RI Rules Three types of rules can be attached to each referential constraint: INSERT rule UPDATE rule DELETE rule
INSERT Rules The INSERT rule indicates what will happen if you attempt to insert a value into a foreign key column without a corresponding primary key value in the parent table. There are two aspects to the RI INSERT rule: 1. It is never permissible to insert a row into a dependent table with a foreign key value that does not correspond to a primary key value. This is known as the restrict-insert rule. 2. Whether actual values must be specified instead of nulls.
UPDATE Rule The UPDATE rule controls updates such that a foreign key value cannot be updated to a value that does not correspond to a primary key value in the parent table. There are, however, two ways to view the update rule: Foreign key perspective. Primary key perspective.

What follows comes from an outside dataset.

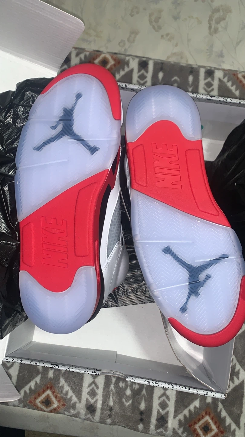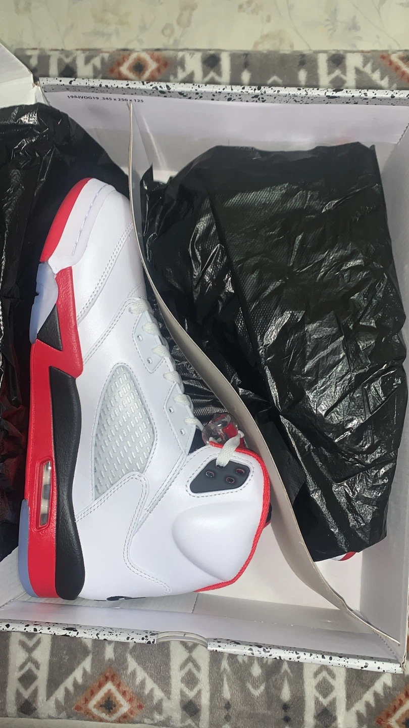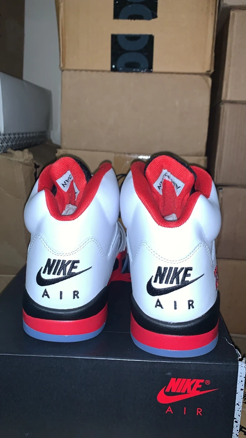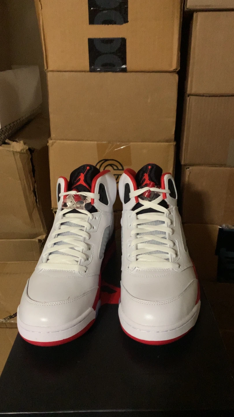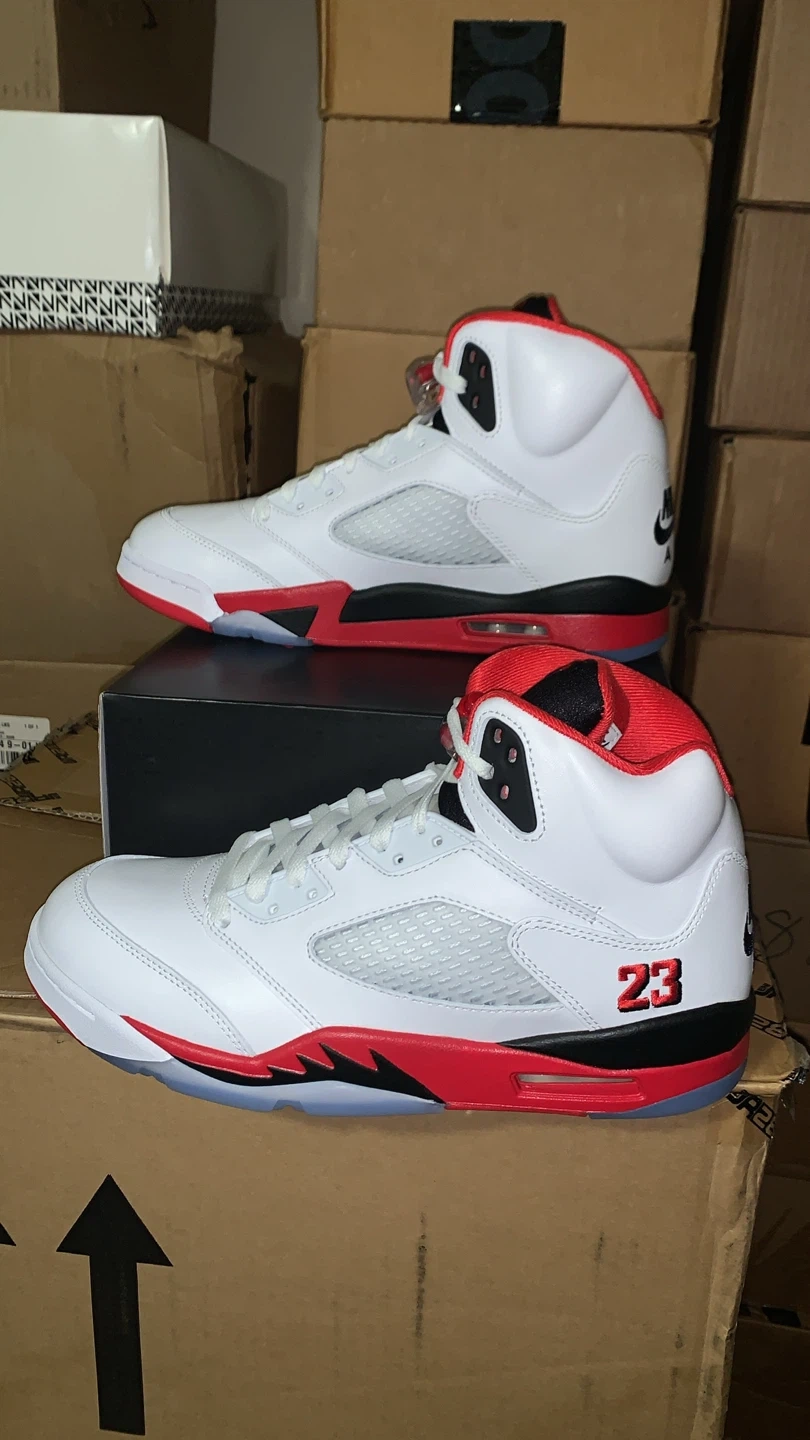 Selling a pair of Nike Air Jordan 5 Retro in the Fire Red colorway! They are in great condition and come with the original box. The shoes feature the number 23 on the side and the Nike Air logo on the back. They are a stylish and iconic addition to any sneaker collection

UPDATE Rule: FK Perspective Once you have assigned a foreign key to a row, either at insertion or afterward, you must decide whether that value can be changed. This is determined by looking at the business definition of the relationship and the tables it connects. If you permit a foreign key value to be updated, the new value must either be equal to a primary key value currently in the parent table or be null.
UPDATE Rule: PK Perspective If a primary key value is updated, three options exist for handling foreign key values: Restricted UPDATE. The modification of the primary key column(s) is not allowed if foreign key values exist. Neutralizing UPDATE. All foreign key values equal to the primary key value(s) being modified are set to null. Of course, neutralizing UPDATE requires that nulls be permitted on the foreign key column(s). Cascading UPDATE. All foreign key columns with a value equal to the primary key value(s) being modified are modified as well.
DELETE Rule Similar to the primary key perspective of the update rule, three options exist when deleting a row from a parent table: Restricted DELETE. The deletion of the primary key row is not allowed if a foreign key value exists. Neutralizing DELETE. All foreign key values equal to the primary key value of the row being deleted are set to null. Cascading DELETE. All foreign key rows with a value equal to the primary key of the row about to be deleted are deleted as well.